Almost anything you could do to randomize the playing conditions should have helped. Random time controls, random evaluation offsets, random cache sizes, even files or processes left over from the previous use of the node. Everything you were doing to get more consistent testing conditions was only making your problem worse. But only adding more start positions was going to fix your accuracy problems, so once you started down that road, with a commitment to adding enough positions that you wouldn't need any more randomness, it seemed pointless to worry about the consistency problem.

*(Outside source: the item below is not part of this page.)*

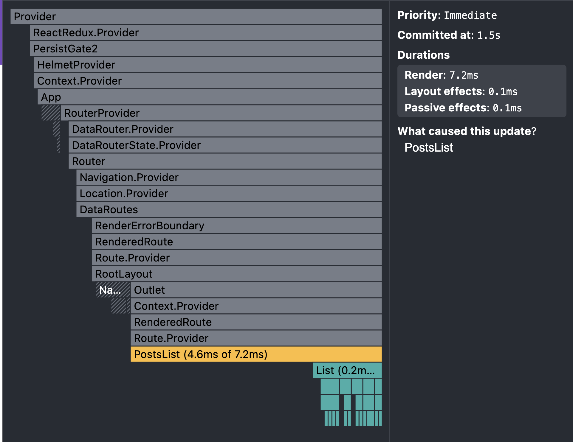 측정 방식: Redux Profiler를 이용하여 렌더링 되어있는 post의 reaction 버튼을 눌렀을 때, 다시 렌더링되는 시점을 측정

bob · Post by **bob** » Fri Aug 15, 2008 1:53 am

Dirt wrote:
bob wrote:So I have a random bug, that happens infrequently, that somehow biases the results where the games take a day or two to play?
That's the most likely situation, although I wouldn't personally call it a bug, as I don't think there is anything wrong with the hardware or software.
bob wrote:And now that we have changed the number of starting positions, suddenly that "bug" has been fixed, even though _nothing_ has been changed except for the file containing the PGN records.
If by PGN records you mean the enlarged set of starting positions, then yes, and not only that but I think we all expected the changes you made to fix the problem.
bob wrote:Even though others have found the same high variability in results from the same starting position, etc?
That's almost irrelevant. If there was a lot more variability in the results from a positions you probably wouldn't have seen the inconsistencies you did, but your results still wouldn't have been a reliable measure of Crafty's strength changes.
bob wrote:Until I see more of this random behavior, which has not yet been seen after four even bigger tests (doesn't mean it won't, but it hasn't yet) I feel somewhat comfortable in concluding that since the only thing that changed between the two experiments is the starting positions and the number of them, that most likely _that_ is what is making a difference.
Almost anything you could do to randomize the playing conditions should have helped. Random time controls, random evaluation offsets, random cache sizes, even files or processes left over from the previous use of the node. Everything you were doing to get more consistent testing conditions was only making your problem worse. But only adding more start positions was going to fix your accuracy problems, so once you started down that road, with a commitment to adding enough positions that you wouldn't need any more randomness, it seemed pointless to worry about the consistency problem.

No disagreement. but if you look at past posts, the reasoning was always "there is some sort of correlation between the games that is caused by some unknown problem in your cluster". Karl came along and suggested, fairly convincingly, that the natural correlation produced when the same program plays the same position over and over was more than enough to produce those kinds of results. He suggested a possible solution, which I tried, and so far, it does look promising... I probably should also run some smaller runs as well to see if they look more consistent than the original runs did when I first started. But so far, Karl seems to be right on with his comments. so far...

bob · Post by **bob** » Fri Aug 15, 2008 1:58 am

Uri Blass wrote:
Dirt wrote:
Uri Blass wrote:Note that I do not agree with karl about eliminating the black/white pairs and I think that the correlation that happens by black/white of the same position is correlation that reduce the error.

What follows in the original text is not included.